**Task brief**
The stretch wanted below opens at the line containing "Цена за 10 шт." and closes at the line containing "Le custodie sottovuoto". Please return it exactly, with no other lines.

(Data items)
********

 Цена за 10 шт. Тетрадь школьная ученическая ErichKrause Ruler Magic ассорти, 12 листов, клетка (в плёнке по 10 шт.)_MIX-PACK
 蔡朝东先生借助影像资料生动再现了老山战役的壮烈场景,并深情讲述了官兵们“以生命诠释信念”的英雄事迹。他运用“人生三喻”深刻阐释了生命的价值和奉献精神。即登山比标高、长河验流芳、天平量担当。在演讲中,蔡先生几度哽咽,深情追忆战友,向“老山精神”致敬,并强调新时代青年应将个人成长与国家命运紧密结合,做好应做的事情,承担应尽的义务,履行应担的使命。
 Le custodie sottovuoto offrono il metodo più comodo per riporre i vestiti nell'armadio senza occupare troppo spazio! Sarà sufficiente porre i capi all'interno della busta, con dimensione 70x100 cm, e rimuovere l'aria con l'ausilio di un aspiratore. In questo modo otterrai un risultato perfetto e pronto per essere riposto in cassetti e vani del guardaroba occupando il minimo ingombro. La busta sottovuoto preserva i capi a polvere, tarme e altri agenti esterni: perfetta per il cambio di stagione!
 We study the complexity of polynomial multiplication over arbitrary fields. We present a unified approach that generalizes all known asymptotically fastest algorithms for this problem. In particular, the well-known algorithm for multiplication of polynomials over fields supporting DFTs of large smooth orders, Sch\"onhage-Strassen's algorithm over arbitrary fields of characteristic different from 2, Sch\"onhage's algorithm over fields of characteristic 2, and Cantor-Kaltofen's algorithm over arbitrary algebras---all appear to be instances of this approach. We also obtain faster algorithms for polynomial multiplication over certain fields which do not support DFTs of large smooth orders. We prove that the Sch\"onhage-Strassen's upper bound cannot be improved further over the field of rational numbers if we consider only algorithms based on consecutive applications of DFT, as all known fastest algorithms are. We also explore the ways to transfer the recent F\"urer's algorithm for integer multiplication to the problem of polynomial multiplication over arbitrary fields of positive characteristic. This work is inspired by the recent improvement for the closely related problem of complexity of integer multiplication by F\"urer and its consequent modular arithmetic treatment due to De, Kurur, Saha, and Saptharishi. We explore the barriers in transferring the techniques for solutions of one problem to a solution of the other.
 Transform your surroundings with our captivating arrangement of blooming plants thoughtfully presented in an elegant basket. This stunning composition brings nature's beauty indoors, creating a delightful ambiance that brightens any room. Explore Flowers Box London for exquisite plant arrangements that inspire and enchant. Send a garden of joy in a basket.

********

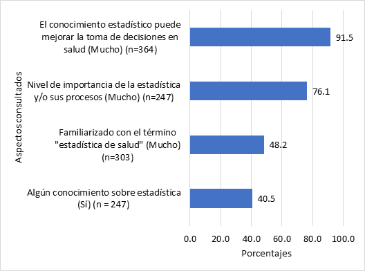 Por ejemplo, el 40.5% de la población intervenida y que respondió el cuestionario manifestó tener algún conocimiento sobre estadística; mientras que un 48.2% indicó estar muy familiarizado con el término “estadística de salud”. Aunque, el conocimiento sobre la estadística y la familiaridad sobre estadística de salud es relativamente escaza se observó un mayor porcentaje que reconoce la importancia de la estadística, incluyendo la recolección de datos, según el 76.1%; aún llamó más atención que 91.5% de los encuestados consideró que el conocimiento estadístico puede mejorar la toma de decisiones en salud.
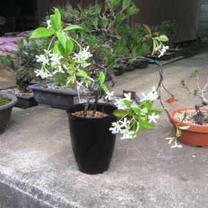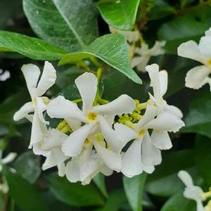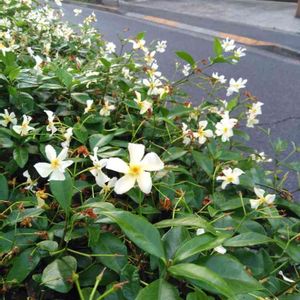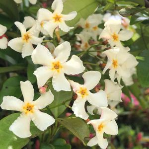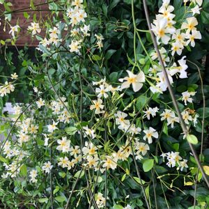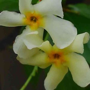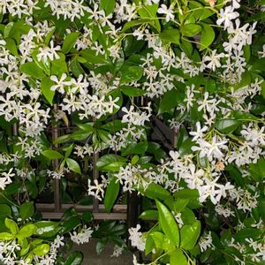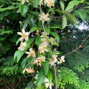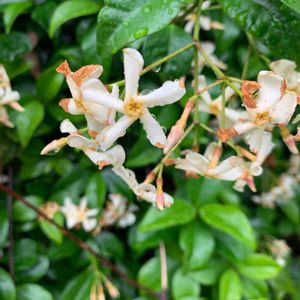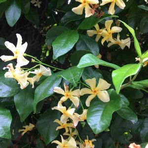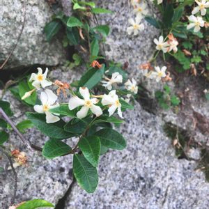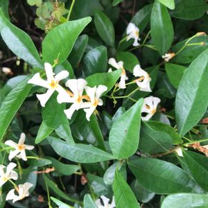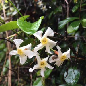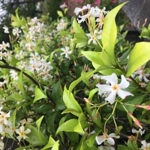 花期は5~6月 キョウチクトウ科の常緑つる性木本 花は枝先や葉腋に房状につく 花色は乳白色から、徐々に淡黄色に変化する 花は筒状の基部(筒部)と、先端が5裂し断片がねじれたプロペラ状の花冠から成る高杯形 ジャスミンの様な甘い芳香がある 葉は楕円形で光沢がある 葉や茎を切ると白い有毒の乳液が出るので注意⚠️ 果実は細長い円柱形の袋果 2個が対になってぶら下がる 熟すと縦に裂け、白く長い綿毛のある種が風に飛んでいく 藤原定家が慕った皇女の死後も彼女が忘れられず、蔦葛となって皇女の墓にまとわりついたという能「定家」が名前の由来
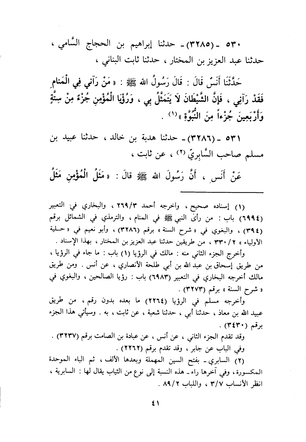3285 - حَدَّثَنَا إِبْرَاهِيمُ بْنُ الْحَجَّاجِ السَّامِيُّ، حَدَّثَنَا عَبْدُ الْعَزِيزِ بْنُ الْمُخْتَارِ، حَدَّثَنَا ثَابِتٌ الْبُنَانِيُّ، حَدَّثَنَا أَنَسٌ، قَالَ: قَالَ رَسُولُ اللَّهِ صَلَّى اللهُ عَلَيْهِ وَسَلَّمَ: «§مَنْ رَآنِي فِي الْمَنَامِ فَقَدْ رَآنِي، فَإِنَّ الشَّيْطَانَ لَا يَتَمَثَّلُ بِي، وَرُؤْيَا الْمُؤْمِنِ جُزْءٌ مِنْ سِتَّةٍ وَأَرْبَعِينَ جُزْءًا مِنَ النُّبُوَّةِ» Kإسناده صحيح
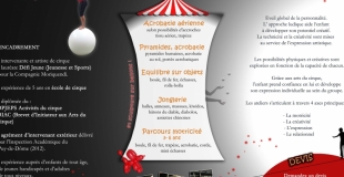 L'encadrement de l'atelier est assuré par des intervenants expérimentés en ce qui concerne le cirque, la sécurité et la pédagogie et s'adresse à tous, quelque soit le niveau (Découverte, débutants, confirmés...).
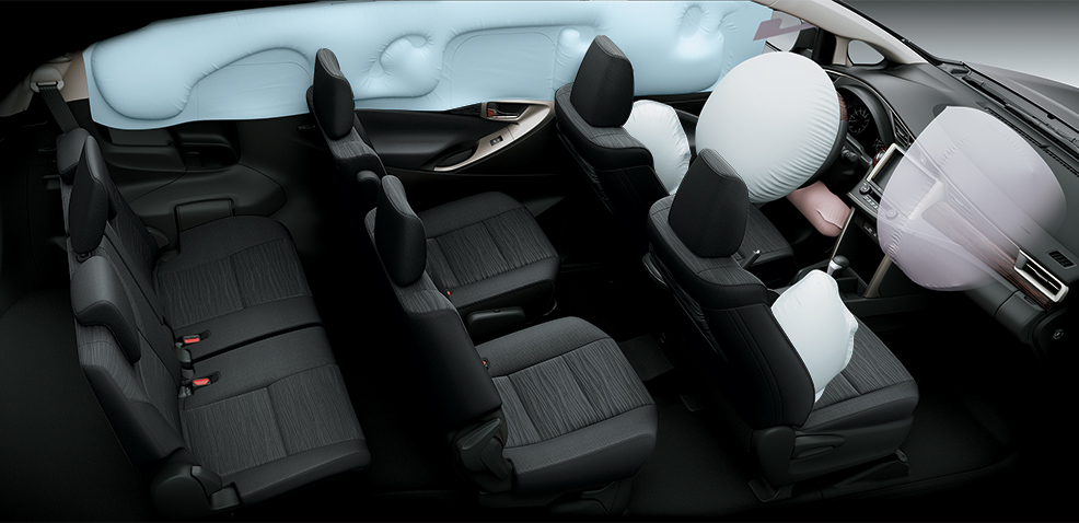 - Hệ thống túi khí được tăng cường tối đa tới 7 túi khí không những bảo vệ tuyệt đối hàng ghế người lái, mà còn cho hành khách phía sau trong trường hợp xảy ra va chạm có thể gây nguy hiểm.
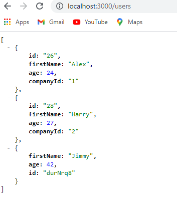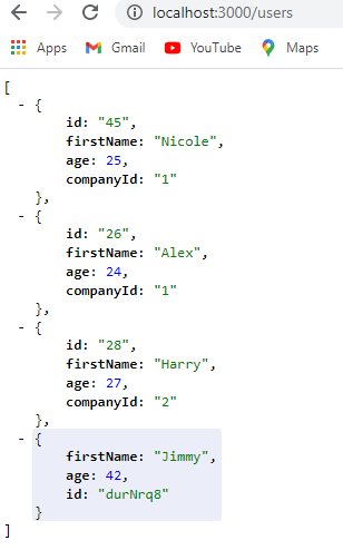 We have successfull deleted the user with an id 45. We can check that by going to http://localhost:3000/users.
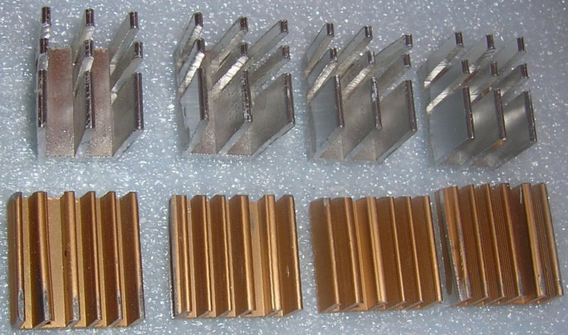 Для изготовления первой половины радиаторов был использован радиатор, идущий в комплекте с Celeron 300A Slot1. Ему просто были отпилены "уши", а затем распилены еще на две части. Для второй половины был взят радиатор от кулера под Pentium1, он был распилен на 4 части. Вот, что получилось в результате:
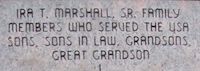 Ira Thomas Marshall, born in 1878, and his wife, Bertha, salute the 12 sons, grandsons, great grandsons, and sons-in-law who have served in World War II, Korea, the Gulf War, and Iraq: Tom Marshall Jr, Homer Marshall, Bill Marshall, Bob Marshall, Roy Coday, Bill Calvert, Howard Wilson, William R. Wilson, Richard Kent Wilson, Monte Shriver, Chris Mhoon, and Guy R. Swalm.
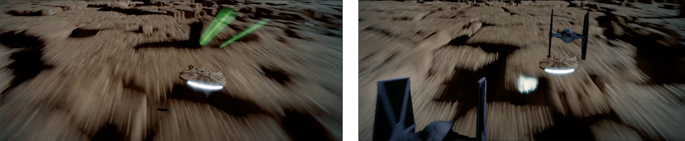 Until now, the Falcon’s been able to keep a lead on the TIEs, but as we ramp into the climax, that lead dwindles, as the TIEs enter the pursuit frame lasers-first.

********

**Exercise response**
 Цена за 10 шт. Тетрадь школьная ученическая ErichKrause Ruler Magic ассорти, 12 листов, клетка (в плёнке по 10 шт.)_MIX-PACK
 蔡朝东先生借助影像资料生动再现了老山战役的壮烈场景,并深情讲述了官兵们“以生命诠释信念”的英雄事迹。他运用“人生三喻”深刻阐释了生命的价值和奉献精神。即登山比标高、长河验流芳、天平量担当。在演讲中,蔡先生几度哽咽,深情追忆战友,向“老山精神”致敬,并强调新时代青年应将个人成长与国家命运紧密结合,做好应做的事情,承担应尽的义务,履行应担的使命。
 Le custodie sottovuoto offrono il metodo più comodo per riporre i vestiti nell'armadio senza occupare troppo spazio! Sarà sufficiente porre i capi all'interno della busta, con dimensione 70x100 cm, e rimuovere l'aria con l'ausilio di un aspiratore. In questo modo otterrai un risultato perfetto e pronto per essere riposto in cassetti e vani del guardaroba occupando il minimo ingombro. La busta sottovuoto preserva i capi a polvere, tarme e altri agenti esterni: perfetta per il cambio di stagione!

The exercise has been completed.